Venezuela\'s Central Bank has filed suit in US court charging that the website DolarToday, which focuses on the black market rate for the bolivar, is harming and destabilizing the country\'s economy.

Venezuela's Central Bank has filed suit in US court charging that the website DolarToday, which focuses on the black market rate for the bolivar, is harming and destabilizing the country's economy.


The suit filed on Friday claims that "DolarToday fabricates black market exchange rates that it publishes via the company's website and smartphone applications," law firm Squire Patton Boggs said in a statement.

The rates on the website do not represent any official Venezuelan fiscal policy, the firm added, without confirming which federal court is handling the suit.

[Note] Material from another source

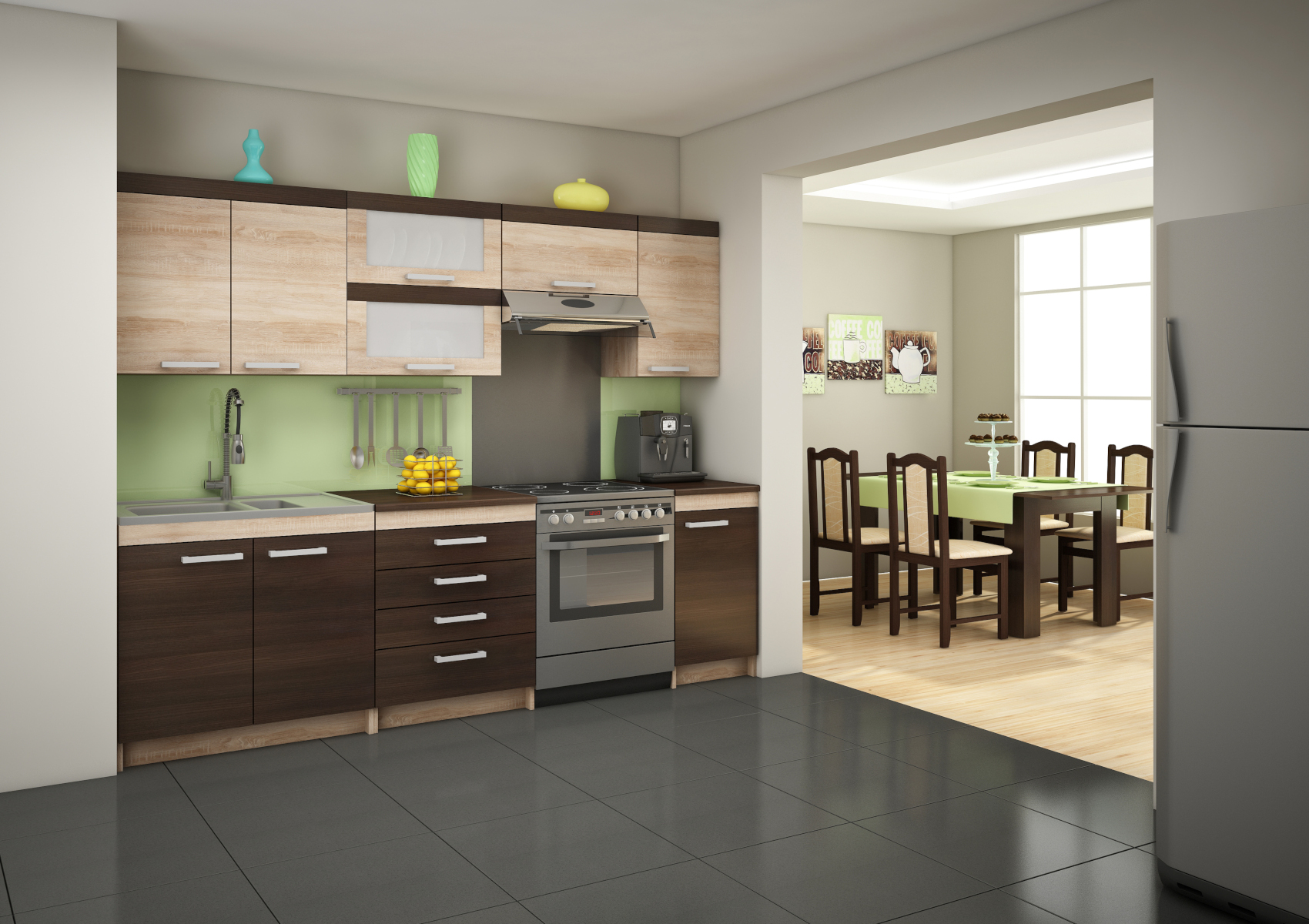 V ceně není zahrnuta pracovní deska. Cena pracovní desky za 1bm je 1392,- Kč. V případě požadavku rozměrů na míru pracovní desky je nutná samostatná kalkulace. Uveďte rozměr v poznámce do objednávky, cena Vám bude potvrzena.

DolarToday is incorporated in the eastern US state of Delaware, but based in the Colombian city of Cucuta.

President Nicolas Maduro's socialist government deems "the use of technology from outside the country to weaken their nation's economy a form of cyberterrorism," the statement stressed.

"The lawsuit alleges that DolarToday is damaging Venezuela's economy by exacerbating inflationary pressures, diminishing the purchasing power of the Venezuelan people and undermining the authority of the Central Bank."

The suit does not seek to close the website, but rather for it to cease publishing Venezuela's black market exchange rate.

On Friday, the site showed the black market rate at 820 bolivars to the dollar -- 130 times the lowest official rate for food and medicine. The site is blocked in Venezuela.

Venezuela is heading into legislative elections December 6 amid a severe economic crisis and public disenchantment that have sent Maduro's approval ratings to 20 per cent.

Maduro's government, battered by falling oil prices, is having little success reining in soaring inflation, chronic shortages and coping with what the IMF predicts will be an economic contraction of 10 per cent this year.